Stress vaccine sounds great. Yes, but... There are always some 'buts'.
I agree with G. Gurney that stress is always very personal -we can't predict what can be stressful for an individual, but it's still individual's body reaction, so I guess it's not the main point. But, as for me, it implicates that it is possible to learn how to cope with stess (it they can, why not me?). Moreover, as Martin emphasised, stress is NOT something 'evil'. It's just an information that something in our surroundings is unusual and it's worth to be watchful about - both in positive and negative meanning. Just as T. Landreth said - without stress we are not able to learn from negative experiences.
I also want to add some 'buts' to the discussion. As it was writen - stress is about 'fight' and 'flight' reaction. Human's body response is the same both for negative and positive situations, and it's brain that interpret it as '+' or '-'. As long as we are immunised against dis-stress ('negative' stress) we can't experience eu-stress ('positive' stress) as well. It means becoming impoverished in our emotional life in general.
My second 'but' is about... health. Do we know what other changes it draws?
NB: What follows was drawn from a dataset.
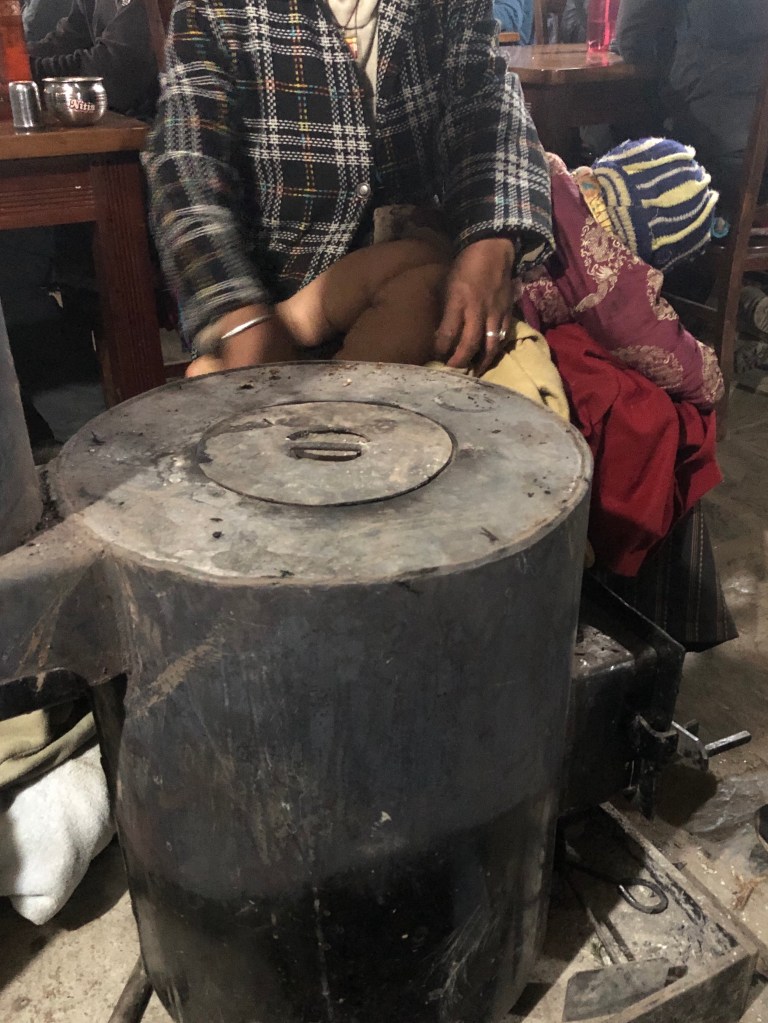 Später wärmen wir uns mit Tee, Dhal Bhat und Bier vor dem Ofen auf. Neben einer Truppe nepalesischer Trekker sind wir die einzigen Gäste.

What about short- and long-lasting results not only in our bodies, but also bahaviour, way of thinking and life in the end?
I don't mean to devaluate such a promising research area - I really support it wholeheartedly. Yet as for me it's just to early to be happy about that kind of news. And I'm strongly against uncritically accepting it as some people do.
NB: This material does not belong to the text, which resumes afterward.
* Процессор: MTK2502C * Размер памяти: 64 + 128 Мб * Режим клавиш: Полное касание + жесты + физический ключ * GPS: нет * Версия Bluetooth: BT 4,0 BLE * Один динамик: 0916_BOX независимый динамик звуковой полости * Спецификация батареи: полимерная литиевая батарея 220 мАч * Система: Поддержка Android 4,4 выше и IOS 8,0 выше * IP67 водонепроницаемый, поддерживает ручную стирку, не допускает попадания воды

For those who aren't familiar with Robert Sapolsky's work, he has, for decades, studied the deleterious effects of prolonged stress, particularly on the hippocampus. The point of this vaccine would not be to eliminate stress responses, but to reduce the duration of a stress response to prevent long-term brain damage. Unfortunately, our bodies stress responses evolved as a means to deal with situations that were resolved quickly (predator) and currently most of us face more long-lasting stressors (bad economy, straining job) that our stress responses deal poorly with. A vaccine similar to the one discussed above would help us better deal with the stressful realities of daily lives, especially for individuals who react particularly badly to the stress of modern life.